At first the whole show seems in many ways shallow, but I do have to admire the artful way in which the staff at the store are able to gauge exactly what their customers are looking for with (often) conflicting information and their patience in catering towards their customers needs as well as how they deal with problem customers - usually some of the guests which the bride-to-be has brought along. They negotiate and try to compromise and have great respect for the bride's wishes. Their customer service is indeed quite admirable and a lot can be learned from them. But I digress.

Ignoring the issue of 'is marriage that important in the first place?' (something for another discussion), let's go in and look at the price of a wedding. It's interesting that amongst the cost of hosting the wedding itself which can be tens of thousands of dollars in catering, venue hire and decorations, and who knows what else besides; these brides are spending even more money on their 'perfect' dress for the occasion.

Pnina dresses

The dresses on this show don't come cheaply - the lowest price bracket would probably be around one thousand dollars without discount where there isn't a lot of option as to the style you want the dress unless you start getting into the five to ten thousand range and above. Clearly we are dealing in designer fashion here, highly customised dresses that are touted as unique and one of a kind - though not so much so if they come in different sizes (this is usually the case for sample dresses). I hadn't heard of Pnina Tornai until today, but now I have. As for alterations to the gown... that's another whole other cup of tea! Or brick of gold, as it were.

In any case, they say that since it's a special day that only happens once in their lives, the cost is justified. They want to look perfect and feel beautiful and sexy on their wedding day. To choose their dress, they need to love it - to fall in love with it as much as they love their fiancee. To know that this is the ONE. While I understand their sentiment, I don't necessarily share it. What makes the occasion special is not the garment you wear but who you share it with - but each to their own, of course.
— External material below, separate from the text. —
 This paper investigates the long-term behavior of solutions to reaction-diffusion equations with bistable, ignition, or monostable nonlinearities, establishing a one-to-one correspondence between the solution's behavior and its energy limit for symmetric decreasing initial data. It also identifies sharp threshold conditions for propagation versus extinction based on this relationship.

If nothing else, this show has reminded me how I wouldn't particularly want to go through the great fuss a wedding can be. I have to admit though, since I've been in high school, I've been harbouring dreams of a traditional Chinese wedding. While I wouldn't necessarily kill to wear the traditional gown and headdress, I do admire the tradition behind it even for someone who isn't by any means traditional. The thought of carrying on those traditions is somehow attractive, yet such pomp and attention-seeking activity is something I would rather shy away from.
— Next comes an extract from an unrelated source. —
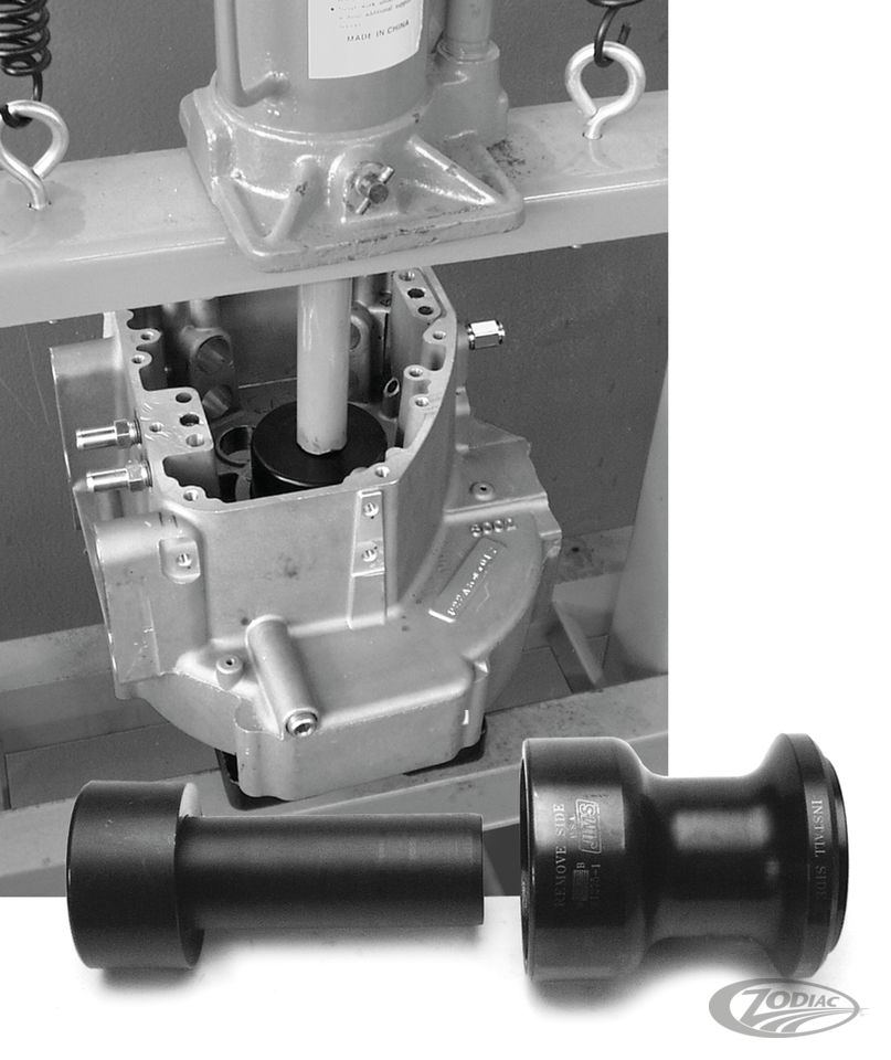 This quality tool is designed and made by Jims to remove and replace the crankcase bearings on Twin Cam engines. Precision made and piloted using Delrin, a non-marring material, to press bearing in and out straight with no damage to the case.

Hatsune Miku Ichigo Shiromuku

If you asked me to picture a wedding dress these days, my image of it now would be greatly Japanese influenced. Although more and more people all over the world are increasingly Westernised in their wedding ceremonies - the bride wears a white dress and the groom wears a tuxedo - I like to hail back to more traditional roots. The outfit the Hatsune Miku Ichigo Shiromuku Nendroid wears is the outfit that comes to my mind when I think bridal - it's a close match to the female traditional Japanese wedding outfit and even has the added element of red not present in that video.

I have to admit I don't know much about traditional Japanese wedding ceremonies themselves though, but the simplicity of the Japanese outfit, the similarities of the Japanese outfit with the Chinese outfit (depends which time period!) plus a general liking of Japanese fashion seems to steer me in this direction regardless. I guess that's no real guarantee of this option being cheap either though. Unless you are going to get married at a registry, you are going to encounter a pretty hefty cost one way or another, I suppose.

Still... $11,000 for a dress is still somewhat ridiculous especially when you don't even want to spend $15 on jeans.